Nagore Laffage: la Audiencia Nacional cierra la puerta al olvido digital del crimen

Quince años después del crimen que estremeció los Sanfermines, la Audiencia Nacional decidió que el rastro de Nagore Laffage no puede borrarse de internet a petición del hombre condenado por matarla. La resolución devolvió al primer plano un caso que todavía pesa en la memoria pública de Pamplona y de toda España.
La sentencia, conocida el 20 de marzo de 2024, rechazó el recurso del condenado, que había pedido a Google y a la Agencia Española de Protección de Datos que retiraran enlaces a informaciones periodísticas sobre el homicidio. El tribunal entendió que seguía existiendo un interés público claro en conservar accesible esa huella informativa.
Nagore Laffage tenía 20 años cuando fue asesinada durante los Sanfermines de 2008. Aquel crimen no quedó como una página más de sucesos, sino como una sacudida social que marcó a Pamplona, abrió debate sobre la violencia contra las mujeres en fiestas y dejó un nombre imposible de separar de aquella madrugada.
El condenado sostuvo que algunas noticias incluían datos inexactos sobre lo ocurrido y sobre su persona, y por eso reclamó el llamado derecho al olvido. También defendió que la persistencia de esos enlaces vulneraba su privacidad y su protección de datos pese al tiempo transcurrido desde la condena y el cumplimiento de la pena.
La Audiencia Nacional respondió que, si existieran errores concretos en determinadas publicaciones, la vía adecuada sería pedir rectificación o actualización a los editores de esos contenidos. Lo que no aceptó fue convertir esa discusión en un borrado general del acceso a noticias y opiniones vinculadas a un crimen de enorme repercusión pública.
La Sala de lo Contencioso-Administrativo ponderó dos derechos enfrentados: la protección de datos personales y la libertad de información y de expresión. Su conclusión fue que, en este caso, prevalece el derecho de la ciudadanía a seguir encontrando una información que considera relevante por la gravedad de los hechos y por su persistente eco social.
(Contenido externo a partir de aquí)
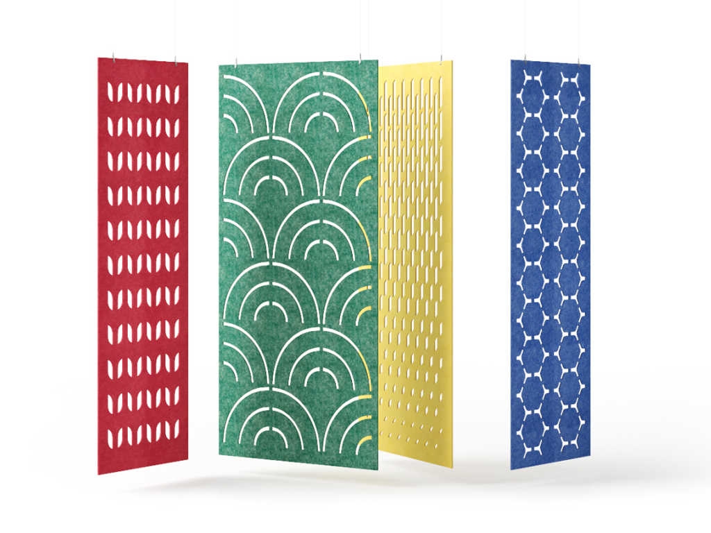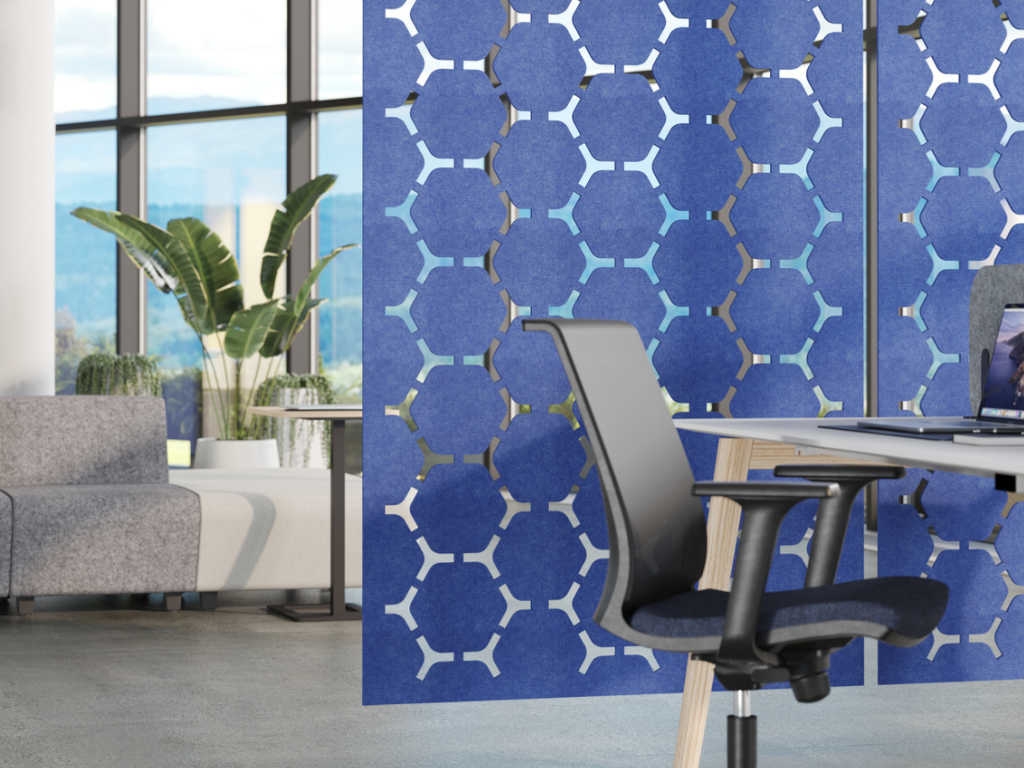 Alegeți designul și culorile preferate ale pereților despărțitori și configurați spații de birou unice, care vor fi plăcute atât vizual, cât și acustic pentru angajații dumneavoastră. Partițiile vin într-o varietate de modele cu cercuri, hexagoane, grile și o varietate de modele ondulate. Dacă nu puteți găsi o soluție vizuală pe care o căutați, putem produce partiții cu modele personalizate.

El tribunal subrayó además que el asesinato de Nagore Laffage sigue siendo un símbolo de lucha contra la violencia machista. No habló solo de una condena ya cumplida, sino de un episodio que cambió la conversación pública sobre la seguridad de las mujeres durante las fiestas y que aún hoy conserva una dimensión colectiva evidente.
Uno de los puntos más sensibles del recurso era que el condenado no pretendía únicamente desindexar búsquedas hechas con su nombre y apellidos. También intentó que desaparecieran resultados asociados a fórmulas que lo vinculan directamente con el crimen, como las referencias al hombre que mató a Nagore Laffage, algo que el tribunal tampoco avaló.
La resolución señaló que no se había probado de forma suficiente que la información cuestionada fuera manifiestamente inexacta. Según el criterio judicial, muchas de esas noticias se centran en el homicidio declarado en sentencia y en la trascendencia del caso, aunque incluyan valoraciones o contexto social sobre la violencia sufrida por las mujeres en esas fiestas.
Ese razonamiento enlaza con doctrina previa del Tribunal Supremo, del Tribunal Constitucional y del Tribunal de Justicia de la Unión Europea sobre el derecho al olvido en buscadores. La Audiencia entendió que el tratamiento de datos por parte de Google era inicialmente lícito por el contenido de las noticias, el proceso penal y la relevancia pública mantenida.
La decisión también dejó una idea de fondo incómoda para quien quiso desaparecer del foco: haber cumplido condena no borra automáticamente el interés periodístico de unos hechos que sacudieron a un país entero. El paso del tiempo cuenta, pero no basta por sí solo cuando la historia sigue teniendo dimensión pública, memoria social y significado político.
En el caso Nagore, esa memoria no se sostiene únicamente en archivos judiciales o enlaces periodísticos. Durante años ha sido reforzada por homenajes, concentraciones y documentales que mantuvieron vivo el debate sobre el consentimiento, la violencia sexual y la respuesta institucional ante un crimen que estalló mientras la ciudad estaba entregada a la fiesta.
La sentencia no reabre el proceso penal ni modifica la condena por homicidio, pero sí fija un límite claro al intento de blanquear digitalmente el pasado. Lo que protege es la posibilidad de que cualquiera encuentre, lea y contextualice una historia que no pertenece solo al condenado, sino también a la víctima, a su familia y a la sociedad que quedó marcada.
Por eso esta resolución judicial tiene un peso que va más allá de Google o de una discusión técnica sobre enlaces. Lo que afirma, en el fondo, es que el nombre de Nagore Laffage no puede ser empujado a la penumbra por conveniencia del hombre que la mató, porque recordar también es una forma de justicia cuando el olvido favorece al verdugo.